Yes, but treat it like a one-way door, because it basically is. Once you’re on the preload list, crawling back to plain HTTP is slow and miserable, and removal takes weeks even when it goes smoothly. So run HSTS from your server config for a solid month first. Prove HTTPS never hiccups. Then submit. Don’t preload on day one and just hope.
Will blocking xmlrpc.php break Jetpack?
It can, yeah. You’ll lose the Jetpack mobile apps and a few remote-publishing bits. If you actually use those, don’t just nuke the file. Allow-list xmlrpc.php for the Jetpack IP ranges they publish in their docs, and you keep both. But if you’ve never once opened the Jetpack app or published remotely?

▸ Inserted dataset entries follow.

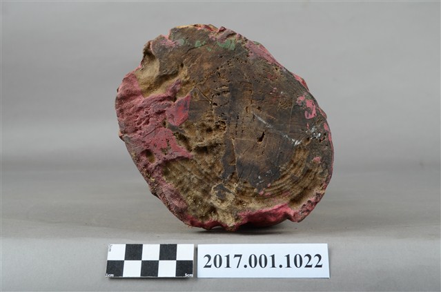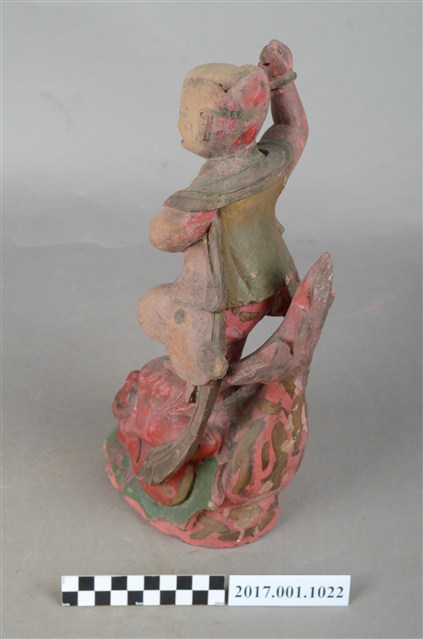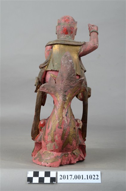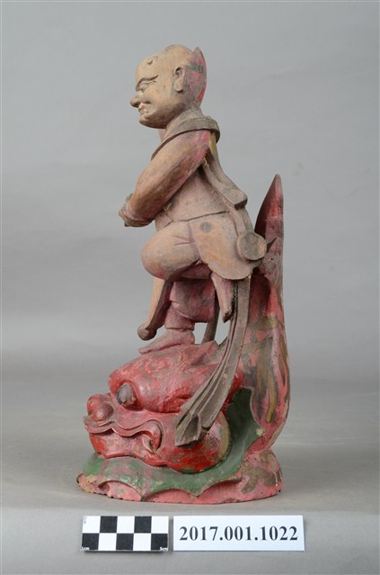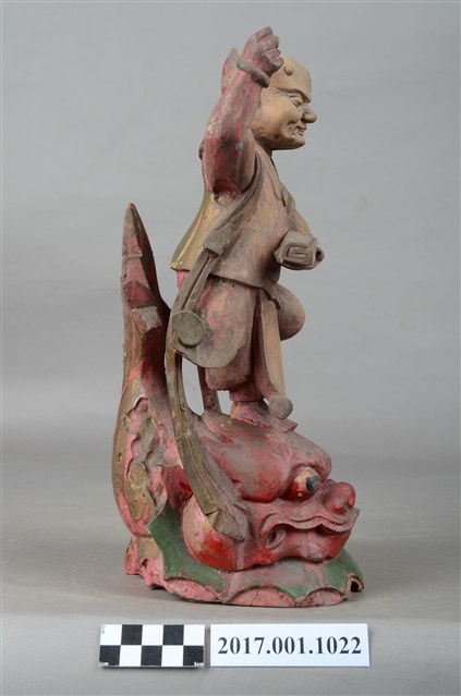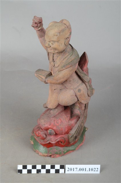 1.本件木雕魁星像,作立姿姿態,表面施作塗裝粧佛技法,魁星粧佛去除,鰲魚露出朱紅漆面。魁星呈現精怪造形,頭頂隆起,耳旁鬢髮朝天,眉骨凸出,雙眼圓睜,嘴露獠牙。身著開襟罩衫,右手佩戴手釧,披飄帶,飄帶下端自兩脅垂至鰲魚,下半身著長褲,褲外圍甲裙,腰繫布帶,跣足。左手曲臂捧書冊於胸前,右手握拳高舉。右腳站立於鰲魚頭上,喻為獨占鰲頭,左腳向後踢。鰲魚頭部朝前,尾鰭翹起。
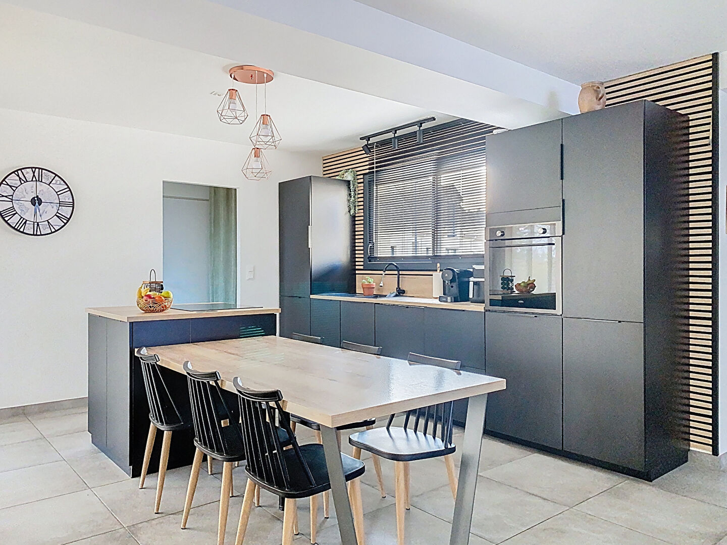 Dès l'entrée, vous découvrez un vaste espace de vie de plus de 55 m², comprenant une cuisine ouverte sur un salon/séjour lumineux, agrémenté d'un poêle à granulés, véritable avantage en matière de confort thermique et de maîtrise énergétique.
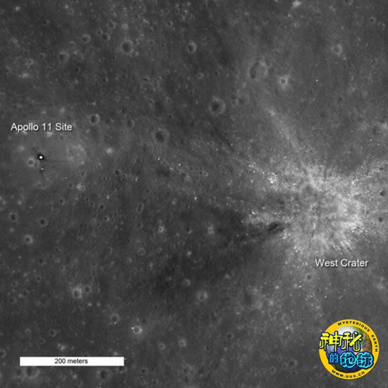 这张高分辨率照片是由月球侦察轨道器所拍摄。照片清晰地显示了“鹰”号登月舱着陆点的详细位置,着陆点距离“威斯特”陨坑仅仅数米远。在陨坑的左侧,零星地散落着一些碎石块,就是这些碎石当年差一点导致登月舱舱毁人亡。当时,登月舱燃料箱漏气,导致它飞向月球的速度过快,极有可能坠毁于这些碎石之上。幸运的是,阿姆斯特朗临危不乱,在登月舱燃料耗尽前30秒终于在碎石间及时找到一个安全着陆点,登月舱成功地降落于月球表面。

Blocking it is the easy, correct call, and honestly you’ll never miss it.
Do I need a managed WAF if I do all this?
Need is a strong word. A WAF (Cloudflare, Sucuri, Wordfence Premium) buys you defence in depth, and where it really earns its keep is the zero-day plugin bug that drops in the gap between two of your audits, when you’d otherwise be sitting wide open. So think of it this way. The 18 checks are the work you have to do. A WAF is the seatbelt I’d add on any site where an hour of downtime genuinely hurts.
How do I rotate the admin password without breaking automation?
Stop sharing the admin login with your scripts. That’s the root of the pain right there. Make a dedicated automation user with the lowest role that actually does the job (nine times out of ten that’s Editor, not Administrator), point your CI or CMS automation at that account, and rotate the human admin password on its own schedule. Keep that interval sane too, somewhere around 90 to 180 days. Force a change every two weeks and I promise you it ends up on a sticky note under the keyboard.
My site already has a high SecuChecker score, what next?
Nice. Now stop staring at the score and start building for the day something gets through anyway, because eventually something will. Subscribe to a plugin CVE feed (Patchstack, Wordfence) so you hear about trouble early. Switch on file-integrity monitoring (Wordfence or iThemes Security) so you know the second a file changes that shouldn’t. And run automated daily backups to somewhere off the box, which is the boring one everybody skips until the day they’d have killed for it. A hardened site keeps people out. That stuff is what gets you back on your feet fast when one finally slips in.